Wandering In Limbo Implementing Financial Models

tl;dr this is a recount of the nightmare I have experienced trying to find faster way to implement financial model. I think in general it gives a good overview of how software engineering go hammock with things that seems like sensible choices.

We went from a model running in 4 minutes to around 30 seconds, the optimization part is still noticeable.

When I give time estimates in this article they must be understood as very fuzzy, my time was never fully dedicated to this single problem. Since this is more about targets than hours to bill I never ended having a very elaborate time tracking system when working on this.

Everything starts with Excel

Spreadsheet programs are in my humble opinion one of the most undervalued contributions to our modern society. They enable people to build complex models extremely fast with very virtually no programming knowledge. A lot of financial models before being anywhere in a software are first built in Excel, often without any line of VBA.

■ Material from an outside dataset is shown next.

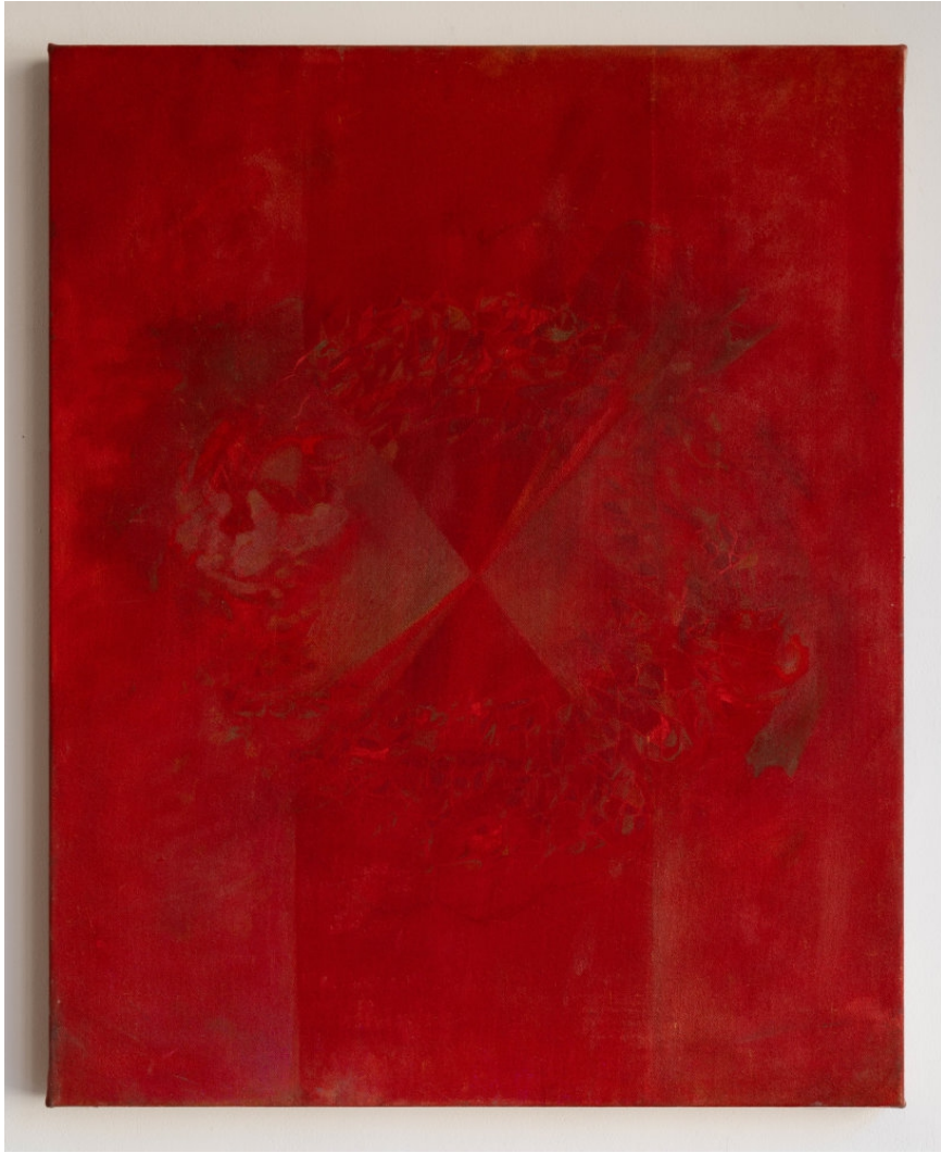
Arthur Poujois Fast Red Dust Imprint of Four Expanding Time Zones, 2022 Oil on cotton 81 x 50 cm

Basically, once your model exists in Excel, it is already implemented.

Reimplementing models from Excel takes a lot of time, basically about twice or thrice the time of doing the Excel itself. With a lot less flexibility and plenty of room for implementation error (but perhaps some more reliable tests).

In that case we were talking of a raw estimate of 20-40 man days.

Here comes PhpSpreadsheet

So instead of reimplementing Excel you might be wondering if some crazy person did not already do it and it happens that PhpSpreadsheet does it. Here, things could have been worse: PHP is our core backend language and it seems to have the best Excel / spreadsheet execution engine on the market.

We have used this library in the past for another model, it worked fine. Fine but slow, for a factor wildly estimated to be between 100 and 1000 times slower than an actual reimplementation. We are talking about end users perceiving about 10 seconds of latency when using a web interface.

A bit of caching here and there brought this to 7 seconds. Not perfect, but a choice we took for that model.

Bug… bugs!

The plan seemed flawless until we realized one of two things:

A bug appeared through a random error during execution
The execution worked fine, but it is only when checking the results that you realize something is wrong.

First big question mark hanging on delay: fixing those bugs inside PhpSpreadsheet is a known unknown.

The biggest thing to note here, is that it still felt that fixing the bugs was still likely to take less time than reimplementing the model. Perhaps about 10 man days.

The unknown unknown we could have been aware here was that some other problems will probably arise.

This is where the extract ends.